Before the era of the iPhone, Instagram and selfie sticks, there was the camera, film, and tripod. A moment from 1979 and discovered by artist Zoe Crosher decades later. Zoe Crosher, The Additive Dust Series no. 4 from The Disappearing of Michelle duBois, 2012. Archival pigment print.
To Hide To Show is a group exhibition at MAMA, one of the newest contemporary art galleries taking Los Angeles by storm. The exhibition title is derived from the loose English translation of a contemporary French social anthropological study entitled "Montrer / Occulter." True to the study, the exhibition continues in the survey's intentions to discover the motivations of what humans decide to reveal and what to keep hidden. What we do alone and what we do in the eyes of others differs - but what drives the motivation behind whether or not to keep the secret or disclose the fact?
The 8 artists chosen to represent the ideas and concepts behind this study (who just happen to all be female) come from a wide variety of cultural backgrounds and artistic practices, and range from emerging to established: Clara Balzary, Zoe Crosher, Nana Ghana, Ariana Papademetropolous, Mattea Perrotta, Fay Ray, Lisa Solberg, and Johanna Tagada.
Installation view, To Hide To Show. Zoe Crosher's "The Additive Dust Series: The Disappearing of Michelle duBois."
Three walls of the brightly lit and airy main exhibition space feature a linear installation by Zoe Crosher "The Additive Dust Series: The Disappearing of Michelle duBois." The images were taken by duBois herself and unknown photographers in 1979. Over 40 images show duBois smiling coyly at the camera in various poses and costumes, putting her best face forward on film far before the selfie era of Instagram. Instead of the usual meticulous restoration and dust removal usually done for old negatives, Crosher instead takes the dust from one and adds it to the next in the series, until duBois nearly disappears in image 46.
Zoe Crosher, No.39 from The Additive Dust Series (GUAM 1979) from The Disappearance of Michelle duBois, 2012. Archival pigment print.
Fay Ray, a Southern California born and raised artist who was an assistant to John Baldessari and cut her teeth in New York at Columbia before returning to the sunshine of Los Angeles, is known for her dense, loud, and extravagant collage works that refer to idealized notions of femininity, as well as our desire to possess luxury and beauty. From found objects and personal items to clippings, each piece in the collage is photographed and printed by Ray in her studio. Her three works in the exhibition leave us wanting more.
Fay Ray, Stimulated Houseplant, 2015. Polyvinyl acetate, Sumi ink, archival inkjet prints.

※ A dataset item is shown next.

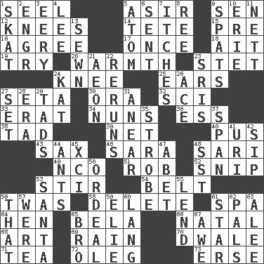 ACROSS 1. Sew up the eyelids of hawks and falcons 5. SW Saudi Arabia district 9. Elected rep. 12. Leg joints 14. Wig 15. Before (prefix) 16. Match 17. At one time in the past 18. Small island 19. Attempt 20. Heat 23. Proofreading order 24. Leg joint 25. Hearing organs 27. Stalk of a moss capsule 30. Mouth or opening 32. _-fi 33. Part of Q.E.F. 34. Religious women 36. Double-curved letter 38. Small amount or degree 39. Fish or hair follower 40. Tenth month of the Hindu calendar 43. Saxophone 46. "Two Mules for Sister ____" 48. Indian skirt 49. Non-commissioned officer (abbr.) 51. Director Reiner 52. Clip 53. Tumult 54. Waist strap 56. It was, poetically 58. Keyboard key 61. Health resort 64. Layer 65. Actor Lugosi 66. Relating to or accompanying birth 68. Nonscientific branch of learning 69. Precipitation 70. A sleeping potion; an opiate (poet.) 71. Afternoon social gathering 72. Cassini of fashion 73. Celtic language DOWN 1. Three-handed card game 2. Engineer (abbr.) 3. Suggestive of the supernatural 4. Area sheltered from the wind 5. Smallest unit of an element 6. Emitted 7. Irritating cutaneous sensations 8. To sift 9. Arguments over trivial matters 10. 4th largest of the Great Lakes 11. Remaining after all deductions 13. Stitched 21. Period of immesurable duration 22. Summer TV shows 23. Indian titles of respect 24. Krazy ___ of comics 26. Adept person 27. Arrange properly for use 28. Epoch 29. Small boys 31. Approach 35. Disco prop 37. Connect, as a bridge 41. RI univ. 42. Small drink 44. Pismires 45. One more than ninety 47. Collude with 48. Fast jet (abbr.) 50. Severe or trying experience 53. Before Barbara or Clara 55. Grant temporary use of 56. Not this but _ 57. We are 59. Writer Wiesel 60. Austrian-born American filmmaker Fritz 61. Play the lead 62. Friends 63. Toward shelter 65. Sis' sibling 67. Deep reverence
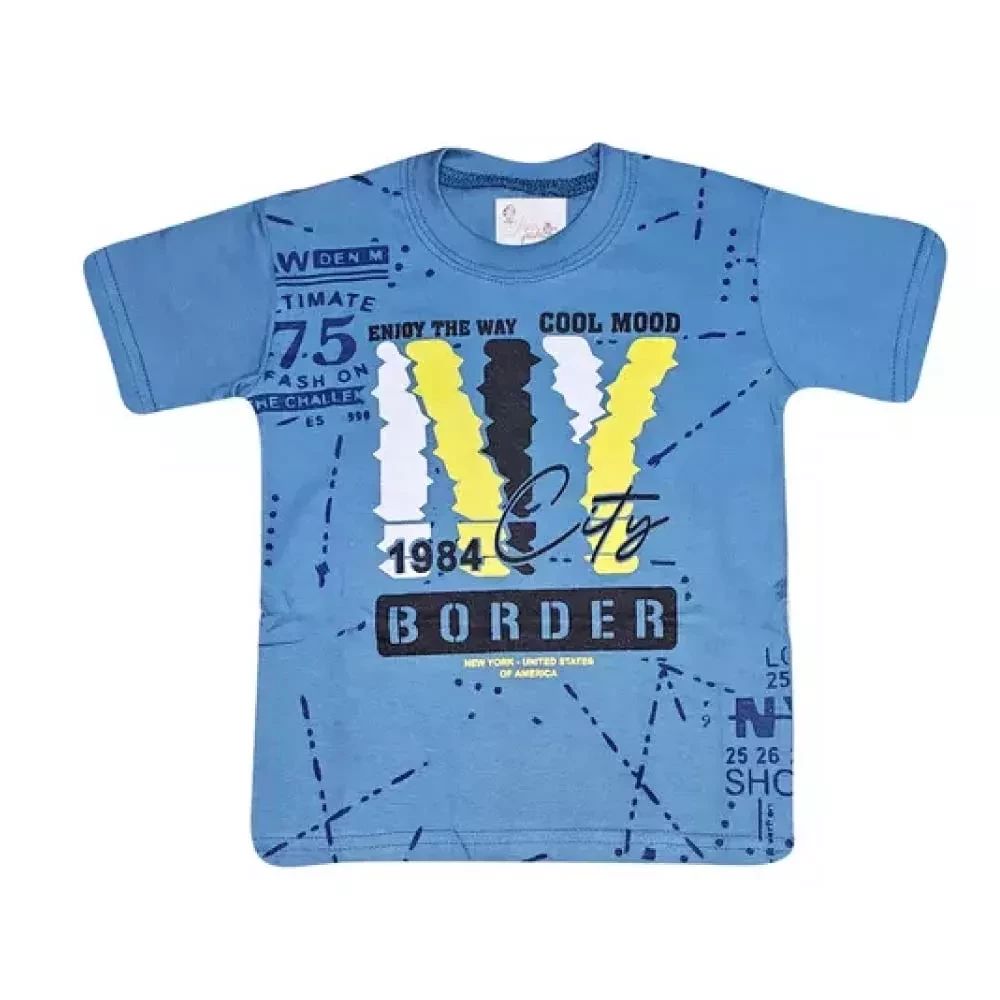 The t-shirt features a classic short-sleeve design, perfect for warmer weather or layering under jackets and sweaters during cooler seasons. Adorned with a vibrant printed pattern, this top adds a playful touch to his casual look, making it a fun and stylish choice for everyday wear.

Abstract expressionist painter and installation artist Lisa Solberg took on an entire room (the darkness of "To Hide") which included site-specific work created on floor-to-ceiling reflective stainless steel panels as well as drawings dispersed on several dark and dimly lit charcoal walls.
Installation view: Lisa Solberg, I C YR BEHIND, 2015. Mixed media on stainless steel, 96 x 96 in.
Ariana Papademetropoulos, A Boy in a Room, 2015. Oil on canvas, 60 x 48 inches.
While the gallery and its curators chose not to call any attention to the fact that the artists are all female, as MAMA co-founder/director/curator Adarsha Benjamin said "we also would not say an exhibition is all male," I happen to believe (and personally observed/learned from the creatively inclined "Steel Magnolias" in my Southern family) who really is better skilled and evolved at choosing what to hide and what to show than women?
For more on the artists and gallery, visit www.mama.gallery
Johanna Tagada, Litchis Alsaciens, 2014. Oil paint on C-print, 5 x 7 inches.
Mattea Perrotta, Blue Velvet, 2015. Oil on canvas, 38 x 62 inches.
Clara Balzary, Mossy, 2015. Hand-printed color darkroom print on archival rag, 20 x 16 inches.
Nana Ghana, Untitled/I Like To Tell You Everything, 2015. Grass, dirt, tropical plants, flower pots, picket fence, apron, vintage lace robe. The artist gardened for nearly 3 hours throughout the space with live plants during the opening and temporarily planted herself in the middle of the gallery in a lucite box filled with dirt.